Meanwhile, clearing the air that India will buy oil from wherever it ‘gets the best deal’, the government has refused to ‘lay down a quota’ for importing oil from any country, including Iran which is facing strict financial sanctions imposed by the UN and the US. On the other hand, India is unwilling to impose restrictions or restrict its oil imports from Iran, and will continue its energy ties with Tehran as long it gets a good deal and logistic support.

The government also cleared that there is no issues between the two countries and the present decline in oil import from Iran is due to the logistics reason. Lack of logistic support, mainly in financing, has over the months created problems for Indian refining companies. However, two Indian insurance companies recently agreeing to provide insurance to the oil imports from Iran have removed a great hurdle in oil imports.

The following western sanctions were aimed at cutting Iran's funding of its contentious nuclear programme. Although, Iran has always maintained that its nuclear programme was for peaceful purposes.
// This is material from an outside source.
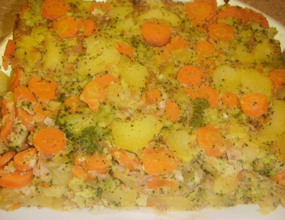 - Für den Kartoffel-Karotten-Auflauf die Kartoffeln, Karotten, Brokkoli, Schinken, Semmelbrösel, Käse, Salz, Pfeffer und Petersilie vermischen. Magermilch und Ei verquirlen, über das Gemüse geben und durchrühren.

Currently, India imports 12% of its oil requirement from Iran, which is the second largest supplier to the country.

On the other hand, the government on the domestic front is working towards securing energy independence for India and has formulated new vision and set ambitious targets to reduce India’s energy dependence on crude oil imports achieving self-sufficiency by 2030.

India VIX, a gauge for markets short term expectation of volatility gained 2.91% at 16.97 from its previous close of 16.49 on Wednesday. (Provisional)

The CNX Nifty gained 29.00 points or 0.52% to settle at 5,587.70. The index touched high and low of 5,610.65 and 5,542.85 respectively. 26 stocks advanced against 24 declining and one stock remains unchanged on the index. (Provisional)

The top gainers on the Nifty were DLF up by 4.83%, Lupin up by 3.81%, Tata Motors up by 3.81%, Infosys up by 3.53% and Icici Bank was up by 3.46%. On the other hand, Bharti Airtel down by 2.70%, Tata Steel down by 2.31%, NTPC down by 2.14%, Grasim down by 2.08% and HDFC down by 2.04% were the top losers. (Provisional)

Most of the European markets were trading in green with, Germany’s DAX up by 0.52%, the United Kingdom’s FTSE 100 up by 0.29% and France’s CAC 40 up by 0.43%.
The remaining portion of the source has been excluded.